Background & aims: Rifaximin-α reduces the risk of recurrence of overt hepatic encephalopathy. However, there remain concerns regarding the financial cost of the drug. We aimed to study the impact of treatment with rifaximin-α on healthcare resource utilisation using data from seven UK liver treatment centres.
Methods: All seven centres agreed a standardised data set and data characterising clinical, demographic and emergency hospital admissions were collected retrospectively for the time periods 3, 6 and 12 months before and following initiation of rifaximin-α. Admission rates and hospital length of stay before and during therapy were compared. Costs of admissions and drug acquisition were estimated using published sources. Multivariate analyses were carried out to assess the relative impact of various factors on hospital length of stay.

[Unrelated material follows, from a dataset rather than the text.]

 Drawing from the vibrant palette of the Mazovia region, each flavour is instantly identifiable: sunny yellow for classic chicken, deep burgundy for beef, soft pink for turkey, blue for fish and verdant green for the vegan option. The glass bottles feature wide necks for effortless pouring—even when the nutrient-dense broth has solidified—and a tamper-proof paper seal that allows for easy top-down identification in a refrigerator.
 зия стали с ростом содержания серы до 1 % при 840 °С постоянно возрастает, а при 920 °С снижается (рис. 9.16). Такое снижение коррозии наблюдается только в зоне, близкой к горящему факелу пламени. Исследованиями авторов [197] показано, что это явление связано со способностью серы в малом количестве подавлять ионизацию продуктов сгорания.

Results: Data were available from 326 patients. Following the commencement of rifaximin, the total hospital length of stay reduced by an estimated 31-53%, equating to a reduction in inpatient costs of between £4858 and £6607 per year. Taking into account drug costs of £3379 for 1-year treatment with rifaximin-α, there was an estimated annual mean saving of £1480-£3228 per patient.

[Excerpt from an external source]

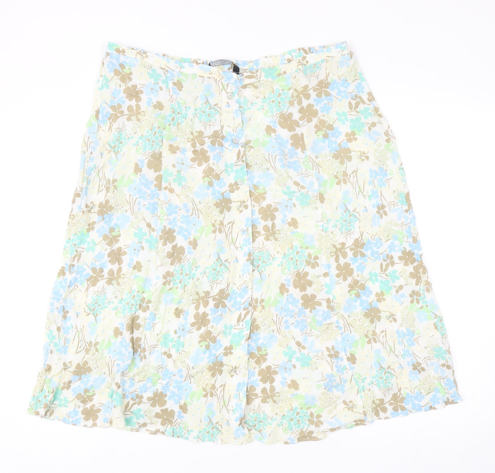 Bonmarché Womens Multicoloured Floral Viscose Straight & Pencil Skirt Size 16 Button

Conclusions: Initiation of treatment with rifaximin-α was associated with a marked reduction in the number of hospital admissions and hospital length of stay. These data suggest that treatment of patients with rifaximin-α for hepatic encephalopathy was generally cost saving.
Keywords: cirrhosis; health economics; hepatic encephalopathy; rifaximin-α.
© 2016 John Wiley & Sons A/S. Published by John Wiley & Sons Ltd.